The Dreaming: Waking Hours continues to be a delightful read as it mixes magic, dreams, and our deepest desires into one narrative that makes sense and captures the imagination. G. Willow Wilson, Nick Robles, and Mat Lopes are taking on the mantle of the Sandman universe and doing it magnificently. In the fourth issue, the nightmare Ruin must accept the fact that he needs to take responsibility for swapping places with Lindy, who is very much a normal human being. As she navigates the Shakespeare multiverse, can Ruin save her before Dream can catch up with him?
If you are a fan of Si Spurrier and Bilquis Evely’s The Dreaming, and why wouldn’t you be if you’re reading this series, you’ll need to pick this issue up. Spoilers aside, this issue begins to flesh out the narrative a bit more from the three plots opening the narrative quite a bit. Up until this issue, this series has felt a bit like a spinoff, but it’s pretty clear by the end of this issue this is the main series. Of course, it’s the only Sandman comic out right now, so that might be a given.
This issue focuses quite a bit on Lindy, who is determined to take control of her situation and escape by solving who was the one true Shakespeare. Ruin is doing the same after being stonewalled in the last issue and thus the narrative has a singular tact as both try to make things right. Lindy’s scenes are a bit static as she spends much of this issue sitting, thinking, and talking out loud. The final moment is a wild one, though, and it begs for an explanation that may be symbolic in nature.
Ruin’s narrative is interesting in part because it helps convey this miserable nightmare may be a hero yet. Ruin’s plight also helps flesh out Heather the sorcerer’s personality–you’ll be shocked discover who her partner is–and further makes you want to spend time with these characters. And that’s one of the reasons this work is so delightful: in a world where the news is always awful and we can’t spend a moment with our friends without fearing for their health, The Dreaming: Waking Hours allows us a respite with characters who are like new friends.

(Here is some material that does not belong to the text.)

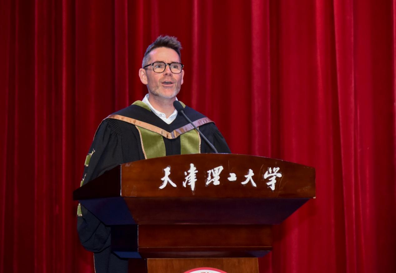 Distinguished guests in attendance included Lian Jijian, Deputy Secretary of the Party Committee of the University and President of the University; Ye Ning and Wang Tie, Members of the Standing Committee of the CPC TUT Committee and Vice Presidents of the University; Dr. Airini, President-Designate of Thompson Rivers University (Canada); Étienne Hébert, Vice President of Université du Québec à Chicoutimi (Canada); and Kazuhiko Ogawa, President of Osaka Sangyo University (Japan).
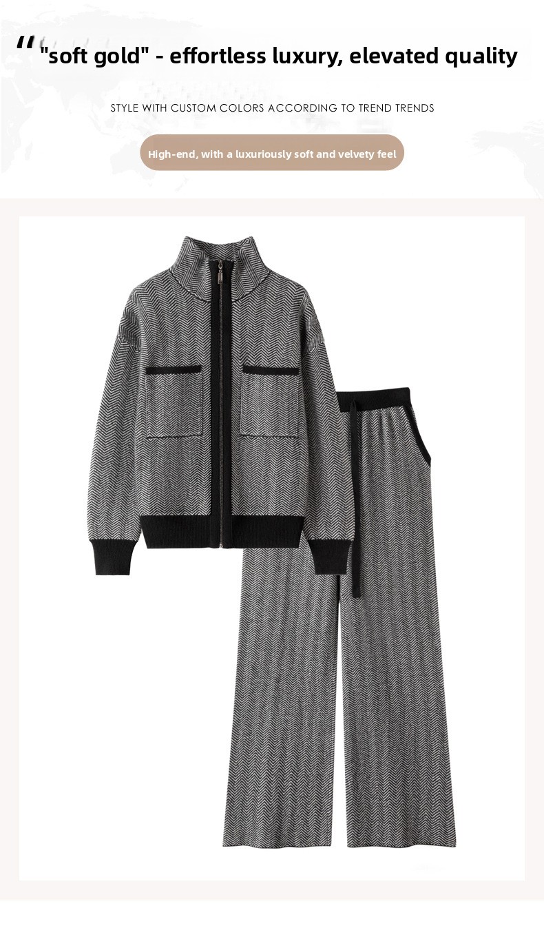 • Relaxed Fit: Loose cardigan and wide-leg pants for casual versatility

Robles and Lopes continue to do excellent work, always seeming to convey normal reality in an interesting and believable way and with a page turn totally blowing us away with the strangeness of the Dreaming. Characters always seem believable and real, even Heather’s boyfriend who is supposed to be a flat stereotype, which helps connect you with the characters even with they aren’t speaking. This issue doesn’t call for many showstopper moments, but when things do get strange it’s a riveting kind of weird.
What propels this issue beyond good to great are a few incredibly well-worded bits of advice and thoughts on life. One, in particular, stood out: “The greatest endeavors all involve fear. It comes not from the immensity of the task, but from the realization that we are far greater beings than we imagined.” These bits of dialogue add a sense of wisdom and weight to the story while also supplying a bit of hopeful energy we so desperately need in these trying times. The fact that there are multiple goes to prove this series is a must-read for us all.
The Dreaming: Waking Hours continues to be one of the most delightful books on the stands today. It blends warm and interesting characters and captivating weirdness you won’t want to tear yourself away from.